Foxgloves and Agatha Christie



Foxgloves are steeped in folklore. These plants are also the source of digitalin, a strong heart stimulant which in excess can cause death. Agatha Christie used digitalin poisoning more than once in her writing. In "The Herb of Death," a Miss Marple short story found in The Tuesday Club Murders, foxglove leaves are mistaken for sage and used to stuff ducks for dinner. Tommy and Tuppence, Agatha's husband and wife sleuthing team, encounter foxglove leaves mixed in with spinach for a salad in Postern of Fate. In both cases, the entire household partakes of the meal and gets sick, but only one member of the group dies. This is because someone has secretly added a fatal dose of digitalin into a drink the victim has imbibed.
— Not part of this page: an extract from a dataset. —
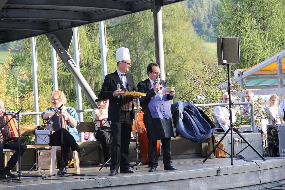 - Eröffnungsakt in der Arena, mit der ad hoc Kapelle und einer kleinen Showeinlage von Andreas Wirth und Übersetzer Yvan Mayor.
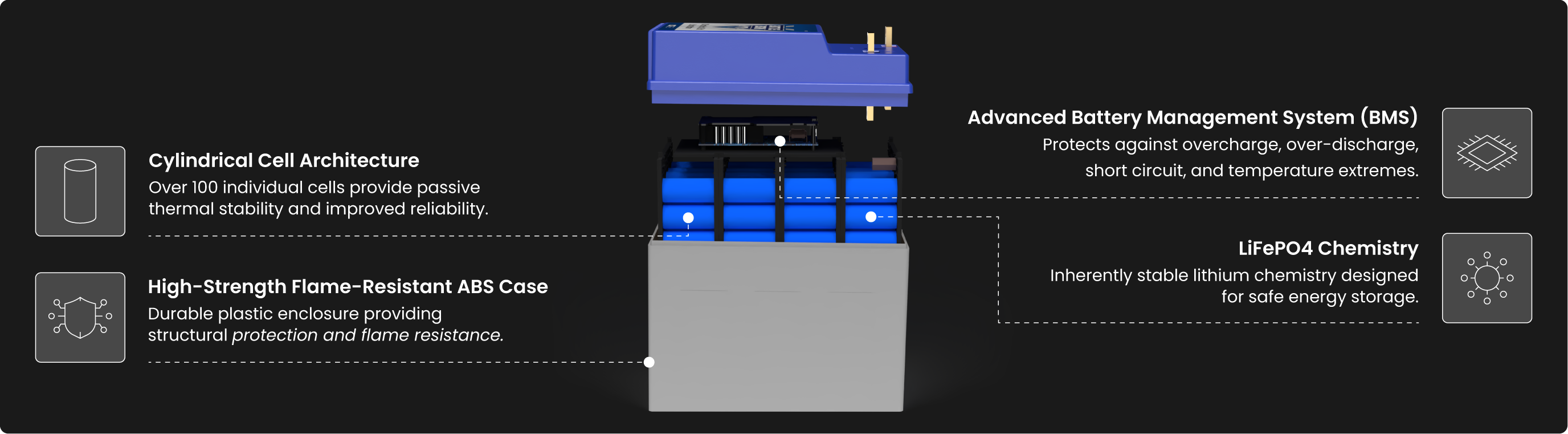 Stable lithium chemistry combined with integrated protections for safe, dependable operation.

Agatha was famous for having more than one murder occurring in order to mask the true victim or motive for the murder. Often some innocent person was bumped off by the murderer in order to cover his or her tracks. No one would suspect one of the household as being the poisoner if everyone was sick. In many of her stories, the poisoner did just that, knowing that a little bit of the poison might not be fatal to himself, and thereby throwing suspicion onto someone else. Very tricky, but Agatha's sleuths always discover the culprit in the end, usually after a few more corpses have piled up.